| Your instructions |
Find the line holding "Dangerous nude /" in the entries below. Give it again exactly, along with every line after it up to and including the line holding "학위패 및 감사패, 기념패".

| Supplied records |

● ● ● ●

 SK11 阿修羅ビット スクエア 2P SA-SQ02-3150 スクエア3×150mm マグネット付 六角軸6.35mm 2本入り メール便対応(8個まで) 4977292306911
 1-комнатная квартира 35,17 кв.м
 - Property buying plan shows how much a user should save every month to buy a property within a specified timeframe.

● ● ● ●

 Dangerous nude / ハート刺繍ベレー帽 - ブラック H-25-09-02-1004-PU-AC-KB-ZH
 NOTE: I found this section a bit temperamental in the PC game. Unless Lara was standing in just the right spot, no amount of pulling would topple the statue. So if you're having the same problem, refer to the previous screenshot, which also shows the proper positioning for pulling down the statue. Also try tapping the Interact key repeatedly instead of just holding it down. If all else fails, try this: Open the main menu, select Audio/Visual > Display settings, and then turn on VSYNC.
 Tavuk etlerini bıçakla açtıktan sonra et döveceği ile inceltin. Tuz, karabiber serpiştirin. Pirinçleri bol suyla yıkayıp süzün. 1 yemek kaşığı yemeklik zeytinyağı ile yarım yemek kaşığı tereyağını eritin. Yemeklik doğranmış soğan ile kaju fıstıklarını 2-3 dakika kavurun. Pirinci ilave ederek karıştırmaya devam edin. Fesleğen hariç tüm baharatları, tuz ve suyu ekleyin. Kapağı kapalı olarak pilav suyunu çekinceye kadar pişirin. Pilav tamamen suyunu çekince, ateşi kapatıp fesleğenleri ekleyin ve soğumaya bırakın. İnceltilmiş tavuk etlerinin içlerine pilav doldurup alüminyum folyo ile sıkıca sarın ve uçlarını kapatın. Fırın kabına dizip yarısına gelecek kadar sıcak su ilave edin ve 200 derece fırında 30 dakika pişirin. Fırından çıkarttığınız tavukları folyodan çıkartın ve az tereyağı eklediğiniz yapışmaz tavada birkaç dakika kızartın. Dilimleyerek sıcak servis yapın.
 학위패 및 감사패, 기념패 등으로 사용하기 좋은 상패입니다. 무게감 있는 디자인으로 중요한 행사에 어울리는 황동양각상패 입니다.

● ● ● ●

| Reply |
 Dangerous nude / ハート刺繍ベレー帽 - ブラック H-25-09-02-1004-PU-AC-KB-ZH
 NOTE: I found this section a bit temperamental in the PC game. Unless Lara was standing in just the right spot, no amount of pulling would topple the statue. So if you're having the same problem, refer to the previous screenshot, which also shows the proper positioning for pulling down the statue. Also try tapping the Interact key repeatedly instead of just holding it down. If all else fails, try this: Open the main menu, select Audio/Visual > Display settings, and then turn on VSYNC.
 Tavuk etlerini bıçakla açtıktan sonra et döveceği ile inceltin. Tuz, karabiber serpiştirin. Pirinçleri bol suyla yıkayıp süzün. 1 yemek kaşığı yemeklik zeytinyağı ile yarım yemek kaşığı tereyağını eritin. Yemeklik doğranmış soğan ile kaju fıstıklarını 2-3 dakika kavurun. Pirinci ilave ederek karıştırmaya devam edin. Fesleğen hariç tüm baharatları, tuz ve suyu ekleyin. Kapağı kapalı olarak pilav suyunu çekinceye kadar pişirin. Pilav tamamen suyunu çekince, ateşi kapatıp fesleğenleri ekleyin ve soğumaya bırakın. İnceltilmiş tavuk etlerinin içlerine pilav doldurup alüminyum folyo ile sıkıca sarın ve uçlarını kapatın. Fırın kabına dizip yarısına gelecek kadar sıcak su ilave edin ve 200 derece fırında 30 dakika pişirin. Fırından çıkarttığınız tavukları folyodan çıkartın ve az tereyağı eklediğiniz yapışmaz tavada birkaç dakika kızartın. Dilimleyerek sıcak servis yapın.
 학위패 및 감사패, 기념패 등으로 사용하기 좋은 상패입니다. 무게감 있는 디자인으로 중요한 행사에 어울리는 황동양각상패 입니다.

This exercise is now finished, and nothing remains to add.